Welcome to CGRA PnR’s documentation!

Thunder

Thunder is part of CGRA PnR that takes mapped netlist and place each computation node to each CGRA tiles. It is designed to be domain-specific and can connect to Amazon Web Service (AWS) Lambda for more parallelism.

Install

For now Thunder doesn’t have standalone binary to use. You have to install its Python binding to do the placement. To install, simply do

pip install thunder/

You will need a modern C++ compiler and cmake.

Usage

place.py in the root folder shows some examples of how to use pythunder, Thunder’s python binding. The overall placement flow is as follows:

  1. global placement for each computation kernels
  2. detailed placement within each kernels
  3. global refinement

Depends on what kind of architecture file, you need to use different arguments to specify. -c means cgra_info.txt, which is used from CGRAGenerator; -l means layout file, which can be obtained from garnet.
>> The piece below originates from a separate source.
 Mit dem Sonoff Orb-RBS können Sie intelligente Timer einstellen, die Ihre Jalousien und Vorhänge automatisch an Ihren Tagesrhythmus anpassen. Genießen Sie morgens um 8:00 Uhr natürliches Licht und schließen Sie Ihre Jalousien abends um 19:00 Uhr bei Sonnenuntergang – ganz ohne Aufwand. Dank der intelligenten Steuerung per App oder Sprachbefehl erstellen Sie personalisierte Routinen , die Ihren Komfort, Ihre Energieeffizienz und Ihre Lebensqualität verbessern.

python place.py -i netlist.packed -c cgra_info.txt -o netlist.placed --no-vis

Here we use --no-vis to turn off visualization.

Global Placement

First you need to partition the netlist into computation kernels. The default algorithm is provided by leidenalg:

clusters = partition_netlist(netlists)

You can see more details in community.py to see how to use leidenalg to partition the netlist into multiple computation kernels.
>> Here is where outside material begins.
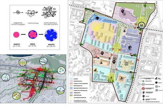 Заключение. Исходя из существующей ситуации, предполагается сценарий развития, где отдельные единицы складываются в крупные объекты с большим радиусом влияния и становятся драйвером развития и эффективного использования данного участка города. Формирование микро-пространств в крупные мезо-гастро кластеры становится основой логичного функционирования макро-социума и помогает выстроить тенденцию освоения деградирующих территорий, нуждающихся в реконцепции. Формирование живописных комплексов и маршрутов – важная часть решения проблемы вовлечения городской среды и артикуляции новых точек притяжения.
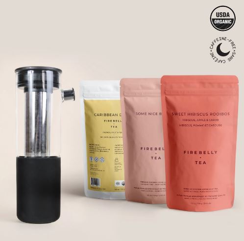 Create the perfect iced tea with this kit from Firebelly Tea. It features certified organic teas and modern steepware for a perfect brew.

Once we have the partitions, we can then proceed to call the global placer:

gp = pythunder.GlobalPlacer(clusters, netlists, fixed_blk_pos, layout)
gp.solve()
gp.anneal()

The constructor takes cluster in form of Dict[str, Set[str]]. The key is cluster ID and the value is a set of block IDs. netlists is in form of Dict[std, List[Tuple[str, str]]], where the key is net ID and the value is a list of block IDS and ports. fixed_blk_pos is for fixed blocks, such as IOs, and layout is the layout class.

Detailed Placement

By default the detailed placement is carried within the C++ with multi-processing. It is because Python’s GIL is very tricky to deal with when you have multi-processing with C++ runtime. Notice that in detailed placement, since we need to approximate the kernel location, we need to provide extra centroid information for each clusters.

pythunder.detailed_placement(clusters, cells, netlists, fixed_blocks,
                             clb_type,
                             fold_reg,
                             seed)

Global Refinement

This stage is essentially a detailed placement where the scope is the entire board and no hill-climbing.